*** Opening of STUDY MATERIAL ***
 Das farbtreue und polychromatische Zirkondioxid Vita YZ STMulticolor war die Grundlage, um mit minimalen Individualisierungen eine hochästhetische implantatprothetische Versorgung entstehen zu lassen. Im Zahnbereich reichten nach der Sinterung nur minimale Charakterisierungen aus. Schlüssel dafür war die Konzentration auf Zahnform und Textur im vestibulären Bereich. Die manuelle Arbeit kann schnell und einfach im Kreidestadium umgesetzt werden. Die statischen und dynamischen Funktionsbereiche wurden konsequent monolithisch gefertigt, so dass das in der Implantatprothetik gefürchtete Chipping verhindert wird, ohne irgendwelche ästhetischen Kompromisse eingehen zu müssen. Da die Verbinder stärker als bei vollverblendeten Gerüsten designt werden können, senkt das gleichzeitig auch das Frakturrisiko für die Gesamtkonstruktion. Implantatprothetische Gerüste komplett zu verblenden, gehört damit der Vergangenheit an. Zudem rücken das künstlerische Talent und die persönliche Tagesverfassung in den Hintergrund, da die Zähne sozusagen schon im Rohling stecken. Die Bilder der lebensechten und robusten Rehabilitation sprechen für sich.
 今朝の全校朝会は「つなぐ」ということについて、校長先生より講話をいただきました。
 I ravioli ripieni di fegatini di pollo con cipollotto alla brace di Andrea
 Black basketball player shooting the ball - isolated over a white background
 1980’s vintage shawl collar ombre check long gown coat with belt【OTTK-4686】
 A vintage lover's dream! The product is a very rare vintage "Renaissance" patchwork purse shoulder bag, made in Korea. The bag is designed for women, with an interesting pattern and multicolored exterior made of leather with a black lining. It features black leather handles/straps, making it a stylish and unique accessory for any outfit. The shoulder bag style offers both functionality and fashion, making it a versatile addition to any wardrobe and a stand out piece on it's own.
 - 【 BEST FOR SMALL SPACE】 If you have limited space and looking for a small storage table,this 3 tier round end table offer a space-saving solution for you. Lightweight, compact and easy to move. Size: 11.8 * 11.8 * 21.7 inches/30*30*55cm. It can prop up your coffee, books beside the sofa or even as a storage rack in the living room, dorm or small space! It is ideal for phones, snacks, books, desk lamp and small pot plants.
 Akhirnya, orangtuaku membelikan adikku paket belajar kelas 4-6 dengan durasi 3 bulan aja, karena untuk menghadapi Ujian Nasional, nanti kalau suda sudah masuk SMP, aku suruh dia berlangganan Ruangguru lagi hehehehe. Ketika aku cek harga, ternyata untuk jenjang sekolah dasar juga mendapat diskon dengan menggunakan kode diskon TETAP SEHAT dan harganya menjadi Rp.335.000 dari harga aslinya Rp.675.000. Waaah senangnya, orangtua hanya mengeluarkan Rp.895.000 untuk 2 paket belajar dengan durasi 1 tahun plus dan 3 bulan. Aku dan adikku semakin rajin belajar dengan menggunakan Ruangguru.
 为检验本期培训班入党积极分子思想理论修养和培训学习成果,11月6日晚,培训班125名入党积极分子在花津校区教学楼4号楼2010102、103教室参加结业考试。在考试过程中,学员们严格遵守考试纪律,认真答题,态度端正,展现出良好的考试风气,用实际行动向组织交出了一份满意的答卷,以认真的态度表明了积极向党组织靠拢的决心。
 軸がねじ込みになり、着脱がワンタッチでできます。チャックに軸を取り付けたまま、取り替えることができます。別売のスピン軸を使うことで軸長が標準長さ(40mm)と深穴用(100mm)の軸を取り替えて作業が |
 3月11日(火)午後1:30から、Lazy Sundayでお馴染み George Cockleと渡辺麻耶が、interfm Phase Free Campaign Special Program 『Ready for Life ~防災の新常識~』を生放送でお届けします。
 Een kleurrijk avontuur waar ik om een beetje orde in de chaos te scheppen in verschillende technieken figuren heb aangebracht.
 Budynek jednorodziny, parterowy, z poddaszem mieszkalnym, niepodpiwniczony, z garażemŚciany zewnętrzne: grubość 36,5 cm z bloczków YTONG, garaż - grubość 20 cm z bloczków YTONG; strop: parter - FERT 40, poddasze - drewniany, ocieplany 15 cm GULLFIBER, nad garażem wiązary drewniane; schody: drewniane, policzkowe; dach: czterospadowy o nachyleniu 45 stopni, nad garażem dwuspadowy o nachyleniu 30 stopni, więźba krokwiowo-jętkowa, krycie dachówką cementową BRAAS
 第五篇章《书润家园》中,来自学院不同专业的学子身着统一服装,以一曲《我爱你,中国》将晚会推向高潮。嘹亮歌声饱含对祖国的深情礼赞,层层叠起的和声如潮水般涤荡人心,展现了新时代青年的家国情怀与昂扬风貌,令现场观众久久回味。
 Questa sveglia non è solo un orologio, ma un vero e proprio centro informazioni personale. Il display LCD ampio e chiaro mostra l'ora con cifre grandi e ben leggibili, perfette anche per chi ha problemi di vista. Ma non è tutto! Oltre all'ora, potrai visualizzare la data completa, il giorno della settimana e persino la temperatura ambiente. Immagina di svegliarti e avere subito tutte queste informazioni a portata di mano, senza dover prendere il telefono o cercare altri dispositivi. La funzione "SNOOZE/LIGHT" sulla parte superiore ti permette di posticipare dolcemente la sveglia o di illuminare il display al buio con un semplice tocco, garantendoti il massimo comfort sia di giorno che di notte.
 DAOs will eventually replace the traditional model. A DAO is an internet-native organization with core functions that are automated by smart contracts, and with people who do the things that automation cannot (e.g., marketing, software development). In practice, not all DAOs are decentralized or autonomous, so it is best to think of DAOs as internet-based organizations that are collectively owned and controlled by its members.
*** Close of STUDY MATERIAL ***
→ **TASK INSTRUCTIONS**
The data should be copied out in full, exactly as it reads.

→ **ANSWER TO THIS TASK**
 Das farbtreue und polychromatische Zirkondioxid Vita YZ STMulticolor war die Grundlage, um mit minimalen Individualisierungen eine hochästhetische implantatprothetische Versorgung entstehen zu lassen. Im Zahnbereich reichten nach der Sinterung nur minimale Charakterisierungen aus. Schlüssel dafür war die Konzentration auf Zahnform und Textur im vestibulären Bereich. Die manuelle Arbeit kann schnell und einfach im Kreidestadium umgesetzt werden. Die statischen und dynamischen Funktionsbereiche wurden konsequent monolithisch gefertigt, so dass das in der Implantatprothetik gefürchtete Chipping verhindert wird, ohne irgendwelche ästhetischen Kompromisse eingehen zu müssen. Da die Verbinder stärker als bei vollverblendeten Gerüsten designt werden können, senkt das gleichzeitig auch das Frakturrisiko für die Gesamtkonstruktion. Implantatprothetische Gerüste komplett zu verblenden, gehört damit der Vergangenheit an. Zudem rücken das künstlerische Talent und die persönliche Tagesverfassung in den Hintergrund, da die Zähne sozusagen schon im Rohling stecken. Die Bilder der lebensechten und robusten Rehabilitation sprechen für sich.
 今朝の全校朝会は「つなぐ」ということについて、校長先生より講話をいただきました。
 I ravioli ripieni di fegatini di pollo con cipollotto alla brace di Andrea
 Black basketball player shooting the ball - isolated over a white background
 1980’s vintage shawl collar ombre check long gown coat with belt【OTTK-4686】
 A vintage lover's dream! The product is a very rare vintage "Renaissance" patchwork purse shoulder bag, made in Korea. The bag is designed for women, with an interesting pattern and multicolored exterior made of leather with a black lining. It features black leather handles/straps, making it a stylish and unique accessory for any outfit. The shoulder bag style offers both functionality and fashion, making it a versatile addition to any wardrobe and a stand out piece on it's own.
 - 【 BEST FOR SMALL SPACE】 If you have limited space and looking for a small storage table,this 3 tier round end table offer a space-saving solution for you. Lightweight, compact and easy to move. Size: 11.8 * 11.8 * 21.7 inches/30*30*55cm. It can prop up your coffee, books beside the sofa or even as a storage rack in the living room, dorm or small space! It is ideal for phones, snacks, books, desk lamp and small pot plants.
 Akhirnya, orangtuaku membelikan adikku paket belajar kelas 4-6 dengan durasi 3 bulan aja, karena untuk menghadapi Ujian Nasional, nanti kalau suda sudah masuk SMP, aku suruh dia berlangganan Ruangguru lagi hehehehe. Ketika aku cek harga, ternyata untuk jenjang sekolah dasar juga mendapat diskon dengan menggunakan kode diskon TETAP SEHAT dan harganya menjadi Rp.335.000 dari harga aslinya Rp.675.000. Waaah senangnya, orangtua hanya mengeluarkan Rp.895.000 untuk 2 paket belajar dengan durasi 1 tahun plus dan 3 bulan. Aku dan adikku semakin rajin belajar dengan menggunakan Ruangguru.
 为检验本期培训班入党积极分子思想理论修养和培训学习成果,11月6日晚,培训班125名入党积极分子在花津校区教学楼4号楼2010102、103教室参加结业考试。在考试过程中,学员们严格遵守考试纪律,认真答题,态度端正,展现出良好的考试风气,用实际行动向组织交出了一份满意的答卷,以认真的态度表明了积极向党组织靠拢的决心。
 軸がねじ込みになり、着脱がワンタッチでできます。チャックに軸を取り付けたまま、取り替えることができます。別売のスピン軸を使うことで軸長が標準長さ(40mm)と深穴用(100mm)の軸を取り替えて作業が |
 3月11日(火)午後1:30から、Lazy Sundayでお馴染み George Cockleと渡辺麻耶が、interfm Phase Free Campaign Special Program 『Ready for Life ~防災の新常識~』を生放送でお届けします。
 Een kleurrijk avontuur waar ik om een beetje orde in de chaos te scheppen in verschillende technieken figuren heb aangebracht.
 Budynek jednorodziny, parterowy, z poddaszem mieszkalnym, niepodpiwniczony, z garażemŚciany zewnętrzne: grubość 36,5 cm z bloczków YTONG, garaż - grubość 20 cm z bloczków YTONG; strop: parter - FERT 40, poddasze - drewniany, ocieplany 15 cm GULLFIBER, nad garażem wiązary drewniane; schody: drewniane, policzkowe; dach: czterospadowy o nachyleniu 45 stopni, nad garażem dwuspadowy o nachyleniu 30 stopni, więźba krokwiowo-jętkowa, krycie dachówką cementową BRAAS
 第五篇章《书润家园》中,来自学院不同专业的学子身着统一服装,以一曲《我爱你,中国》将晚会推向高潮。嘹亮歌声饱含对祖国的深情礼赞,层层叠起的和声如潮水般涤荡人心,展现了新时代青年的家国情怀与昂扬风貌,令现场观众久久回味。
 Questa sveglia non è solo un orologio, ma un vero e proprio centro informazioni personale. Il display LCD ampio e chiaro mostra l'ora con cifre grandi e ben leggibili, perfette anche per chi ha problemi di vista. Ma non è tutto! Oltre all'ora, potrai visualizzare la data completa, il giorno della settimana e persino la temperatura ambiente. Immagina di svegliarti e avere subito tutte queste informazioni a portata di mano, senza dover prendere il telefono o cercare altri dispositivi. La funzione "SNOOZE/LIGHT" sulla parte superiore ti permette di posticipare dolcemente la sveglia o di illuminare il display al buio con un semplice tocco, garantendoti il massimo comfort sia di giorno che di notte.
 DAOs will eventually replace the traditional model. A DAO is an internet-native organization with core functions that are automated by smart contracts, and with people who do the things that automation cannot (e.g., marketing, software development). In practice, not all DAOs are decentralized or autonomous, so it is best to think of DAOs as internet-based organizations that are collectively owned and controlled by its members.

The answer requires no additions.